During the course of this retention hearing, the Court heard testimony from two very competent and very compelling doctors, and from the defendant and his wife. Upon careful review of their testimony, as well as the medical reports, the independent examiner’s report, and the entire record in this criminal case, the Court has concluded that the People have demonstrated “by a preponderance of the evidence that continued care and treatment are essential to the physical or psychological welfare of the defendant and that the defendant is unable to understand the need for such care and treatment”. Therefore, the Court finds that the People have met their burden of proving that the defendant is mentally ill as that term is defined statutorily in CPL 330.20. Assault was not charged.
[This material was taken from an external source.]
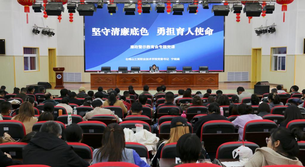 為深入學(xué)習(xí)貫徹習(xí)近平總書記關(guān)于加強(qiáng)黨的作風(fēng)建設(shè)重要論述精神,一以貫之推進(jìn)全面從嚴(yán)治黨,切實(shí)增強(qiáng)全院教職工廉潔從教、依法履職的思想自覺(jué)和行動(dòng)自覺(jué),3月27日,石嘴山工貿(mào)職業(yè)技術(shù)學(xué)院黨委書記寧曉娟以“堅(jiān)守清廉底色 勇?lián)耸姑睘橹黝},為全院教職工講授廉政專題黨課。

Although the Court finds that there could be no disagreement between the parties as to the need for the defendant’s continued care and treatment, there certainly is a great deal of disagreement between the parties as to whether or not that care requires the defendant to receive inpatient treatment at Creedmoor. In resolving this issue, the Court has looked to the testimony of the witness doctors. While the doctors have no dispute that the defendant needs to be maintained on his medications in order for his symptoms to remain in remission, the other testified that the defendant requires further inpatient care to achieve this goal, while the other doctor testified that the defendant’s medication regimen can be successfully maintained upon his release.

Defendant is not yet ready for conditional release. Although the Court is granting the State’s application for a subsequent retention order, said subsequent retention order is to be for a period of ONE YEAR ONLY. This is the time period in which the doctor opined that the defendant, hopefully, could be ready for a change from his inpatient status at Creedmoor.